## [ACTION ITEM]
Each line in the data must be reproduced as written, except for any picture.

## [DATA SHOWN]
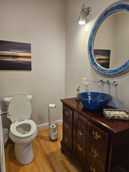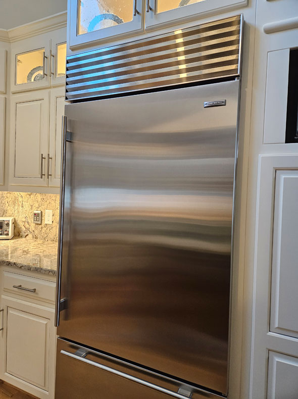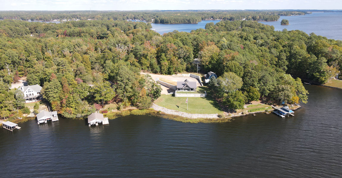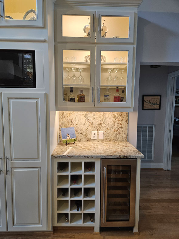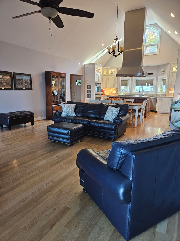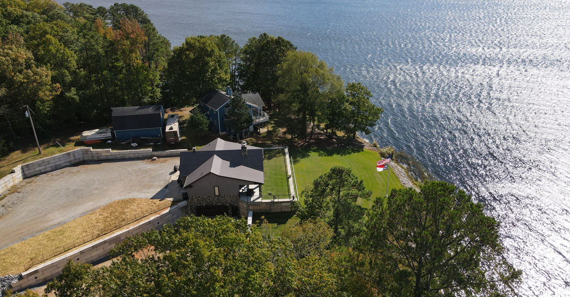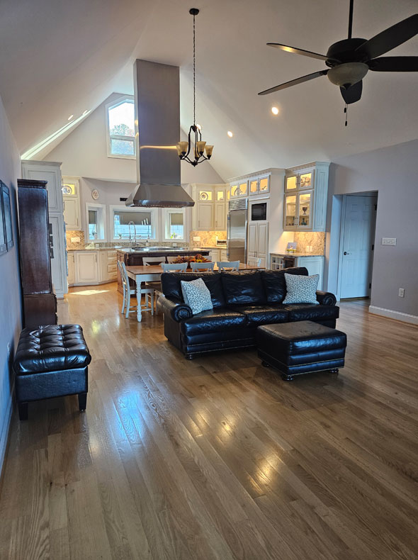 The Lake Gaston home for sale by owner has a Chef’s Kitchen featuring granite counters, a stainless farmhouse sink, a large cherry island, a Stainless “Subzero” refrigerator, and wine cooler, Stainless “Wolf” double ovens, 4 burner cooktops with griddle, a microwave, and exhaust, under the cabinet lighting and lighting in the seed glass upper cabinets (all cabinets are custom built by Quality Cabinets in Roanoke Rapids NC)
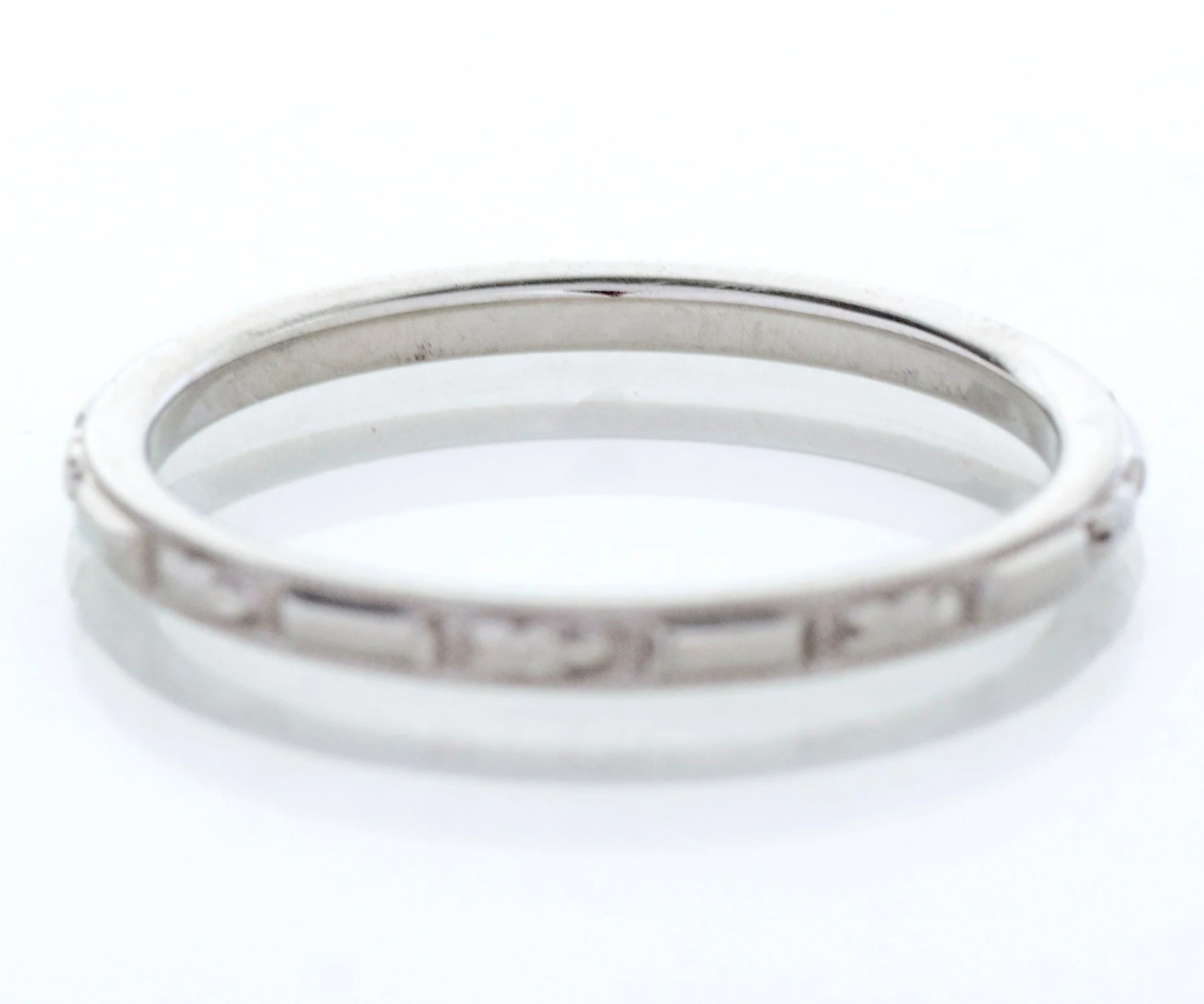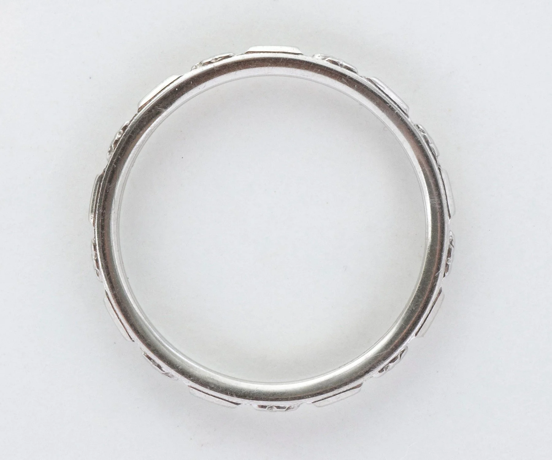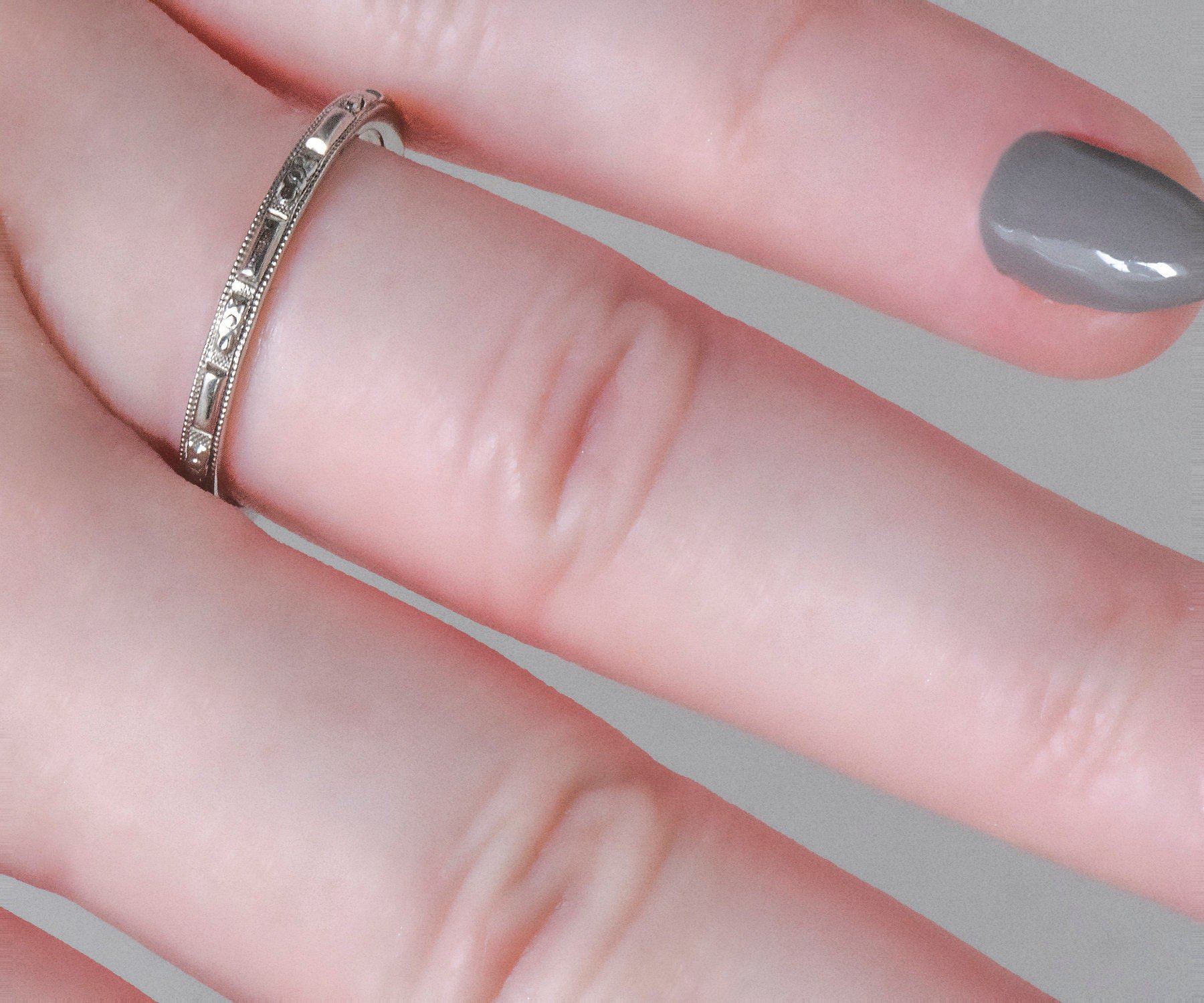With an intermittent crisp orange blossom pattern this 18k white gold Traub antique wedding band will make a lovely statement on your hand. On its own this ring will be dainty and beautiful, or pair it up with your engagement ring of any era. Consider it as well as your right-handed ring, perhaps along with other stacking rings, be they modern or antique.
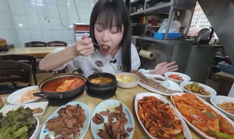 한입먹고 난뒤 너무 맛있다고 그동안 미국에서 먹었던 음식도 맛있었지만 한국에서 먹는 짠음식이 그리웠다고 쯔양의 먹방이 시작되었습니다.
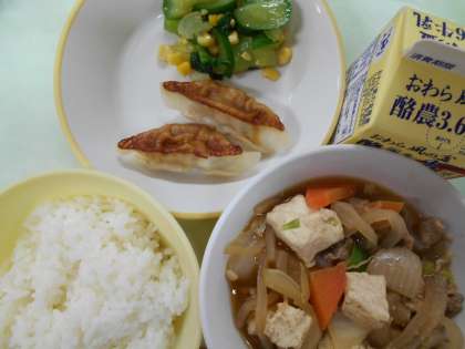 ごはん 牛乳 焼きぎょうざ コーン和え 韓国風すきやき

## [OUTPUT FOR THIS TASK]
 The Lake Gaston home for sale by owner has a Chef’s Kitchen featuring granite counters, a stainless farmhouse sink, a large cherry island, a Stainless “Subzero” refrigerator, and wine cooler, Stainless “Wolf” double ovens, 4 burner cooktops with griddle, a microwave, and exhaust, under the cabinet lighting and lighting in the seed glass upper cabinets (all cabinets are custom built by Quality Cabinets in Roanoke Rapids NC)
With an intermittent crisp orange blossom pattern this 18k white gold Traub antique wedding band will make a lovely statement on your hand. On its own this ring will be dainty and beautiful, or pair it up with your engagement ring of any era. Consider it as well as your right-handed ring, perhaps along with other stacking rings, be they modern or antique.
 한입먹고 난뒤 너무 맛있다고 그동안 미국에서 먹었던 음식도 맛있었지만 한국에서 먹는 짠음식이 그리웠다고 쯔양의 먹방이 시작되었습니다.
 ごはん 牛乳 焼きぎょうざ コーン和え 韓国風すきやき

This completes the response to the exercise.